## Problem details
The line holding "MetaJust – La" is the last one to output; start at the first line of the data, keep every line in between exactly, and leave out pictures.
[Task data Boundary: Start]
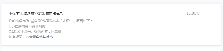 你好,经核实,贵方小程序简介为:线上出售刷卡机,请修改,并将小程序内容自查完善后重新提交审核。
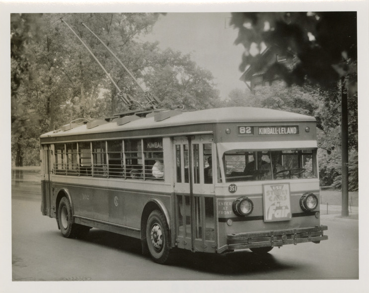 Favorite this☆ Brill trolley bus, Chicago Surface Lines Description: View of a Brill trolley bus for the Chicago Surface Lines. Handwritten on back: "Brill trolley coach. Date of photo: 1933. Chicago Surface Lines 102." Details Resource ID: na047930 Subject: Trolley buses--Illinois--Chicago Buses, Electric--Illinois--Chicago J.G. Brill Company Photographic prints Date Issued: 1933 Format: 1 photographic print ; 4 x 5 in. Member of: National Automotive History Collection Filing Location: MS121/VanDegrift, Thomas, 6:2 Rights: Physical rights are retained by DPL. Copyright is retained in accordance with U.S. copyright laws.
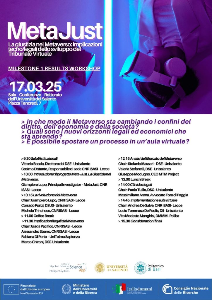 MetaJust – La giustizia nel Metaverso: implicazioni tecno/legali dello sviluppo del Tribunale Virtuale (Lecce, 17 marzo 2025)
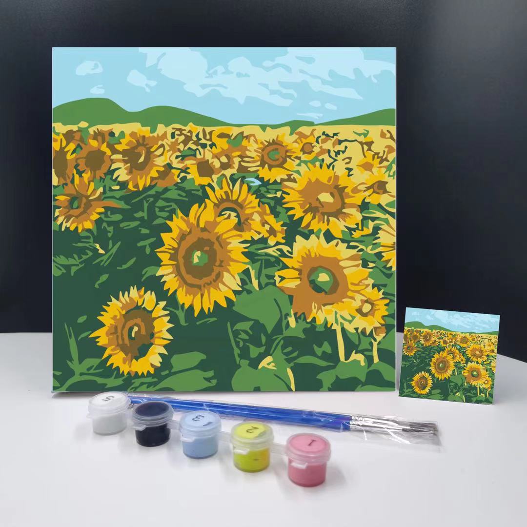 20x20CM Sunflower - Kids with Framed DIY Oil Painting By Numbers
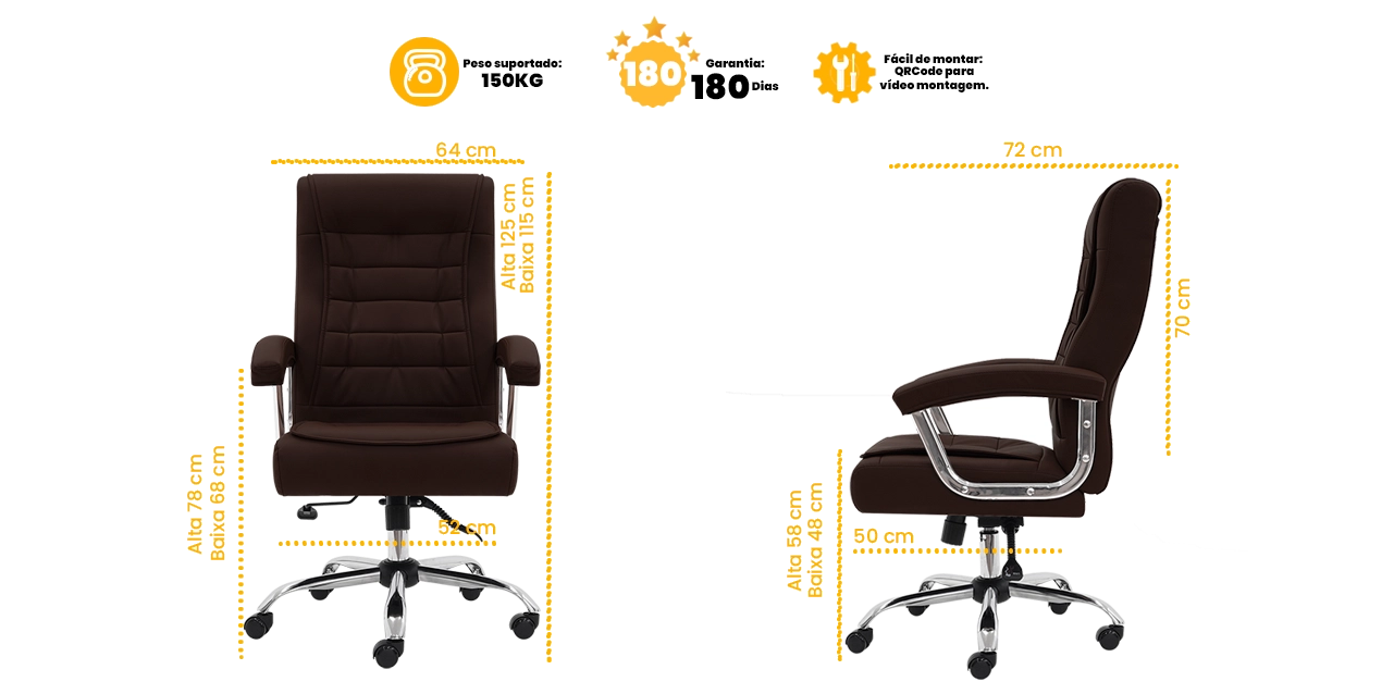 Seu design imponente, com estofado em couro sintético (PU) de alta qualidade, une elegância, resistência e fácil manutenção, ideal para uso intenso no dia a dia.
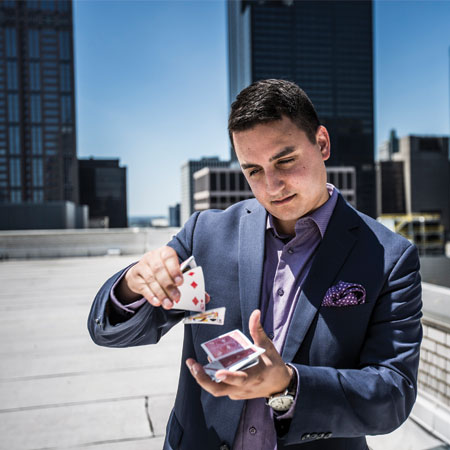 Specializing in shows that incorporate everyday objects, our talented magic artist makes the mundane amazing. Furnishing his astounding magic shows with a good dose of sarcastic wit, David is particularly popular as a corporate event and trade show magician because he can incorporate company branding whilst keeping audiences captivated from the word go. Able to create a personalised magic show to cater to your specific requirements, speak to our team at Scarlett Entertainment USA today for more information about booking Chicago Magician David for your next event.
[Task data Boundary: End]
## Result for this task
 你好,经核实,贵方小程序简介为:线上出售刷卡机,请修改,并将小程序内容自查完善后重新提交审核。
 Favorite this☆ Brill trolley bus, Chicago Surface Lines Description: View of a Brill trolley bus for the Chicago Surface Lines. Handwritten on back: "Brill trolley coach. Date of photo: 1933. Chicago Surface Lines 102." Details Resource ID: na047930 Subject: Trolley buses--Illinois--Chicago Buses, Electric--Illinois--Chicago J.G. Brill Company Photographic prints Date Issued: 1933 Format: 1 photographic print ; 4 x 5 in. Member of: National Automotive History Collection Filing Location: MS121/VanDegrift, Thomas, 6:2 Rights: Physical rights are retained by DPL. Copyright is retained in accordance with U.S. copyright laws.
 MetaJust – La giustizia nel Metaverso: implicazioni tecno/legali dello sviluppo del Tribunale Virtuale (Lecce, 17 marzo 2025)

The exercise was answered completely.